Workers are pumping nitrogen into one of the reactors at Japan's damaged nuclear plant in an attempt to prevent an explosion caused by dangerously overheated fuel rods.

Wednesday's crisis at the Fukushima plant came after technicians finally stopped a leak of highly radioactive water from the power station that dramatically increased the amount of radiation found in nearby ocean waters.

Chief Cabinet Secretary Yukio Edano said the water leak stopped before 6 a.m.
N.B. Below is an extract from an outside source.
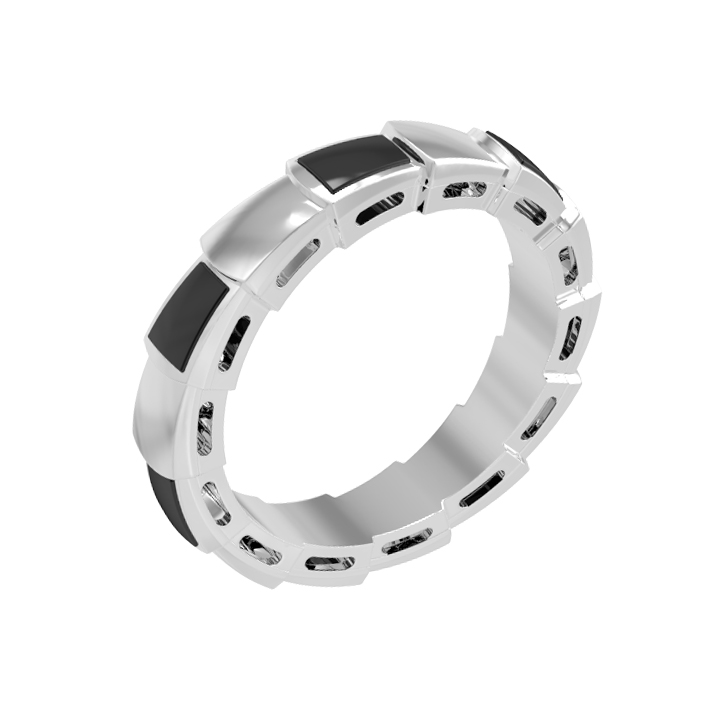 Кольцо из белого золота 585 пробы из коллекции De Luxe — Серпенти станет ярким акцентом вашего образа. Дизайн украшения, вдохновленный грацией скорпионов, мастерски воплощен в металле холодного оттенка. Строгие геометрические формы и контрастное сочетание материалов придают изделию особенную выразительность. В качестве декора использованы 7 вставок из натурального оникса глубокого черного цвета, которые гармонично дополняют сияние драгоценного металла.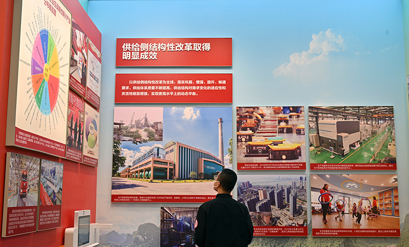 10月8日,一名观众在中央综合展区内观看供给侧结构性改革取得明显成效的展览内容。新华社记者 李鑫 摄

Wednesday local time.  Until then, water samples in the vicinity had shown radiation levels up to 7.5 million times the allowable limit.

However, Edano said it is too early to say with confidence that the problem has been solved, and that officials from the Tokyo Electric Power Company are trying to determine whether radioactive water is leaking from any other location.

Radioactive water dumping continues

The government official apologized to neighboring countries for Japan's failure to notify them before it began pumping thousands of tons of low-level radioactive water into the sea near the plant - an issue separate from the water leak into the ocean.

Edano said the pumping will continue, possibly until Friday, in order to drain a storage area that will be used to hold much more dangerous water - up to 200,000 times as radioactive - from inside the reactor.  He said steps have been taken to ensure better communication with nearby countries before such action is taken in the future.

The chief Cabinet secretary also said authorities are considering compensation payments for fishermen affected by the disaster, as well as whether to adjust the criteria for acceptable radiation levels within the 20-kilometer evacuation zone around the reactors.

After pumping began Tuesday to transfer 11,500 tons of lightly radioactive water from the number-two reactor into the sea, South Korea protested the action as a possible violation of international law.

New threats

Officials at TEPCO, which operates the Fukushima plant, said a dangerous hydrogen buildup is taking place at its number-one reactor.  Japan's NHK television quoted officials saying hydrogen is accumulating inside the reactor's containment vessel - an indication that the reactor's core has been damaged.

Hydrogen explosions destroyed the outer housings of two of the plant's six reactors during the first days of the nuclear crisis that followed the earthquake and tsunami on March 11.

And highly radioactive water has accumulated in lower levels of several reactors, following weeks in which workers pumped in massive amounts of water to prevent fuel rods from overheating. The water needs to be removed before workers can complete repairs to the permanent cooling systems.

National police said Wednesday the confirmed death toll in the March 11 disasters now stands at 12,468, with more than 15,000 people still unaccounted for.

Some information for this report was provided by AP, AFP and Reuters.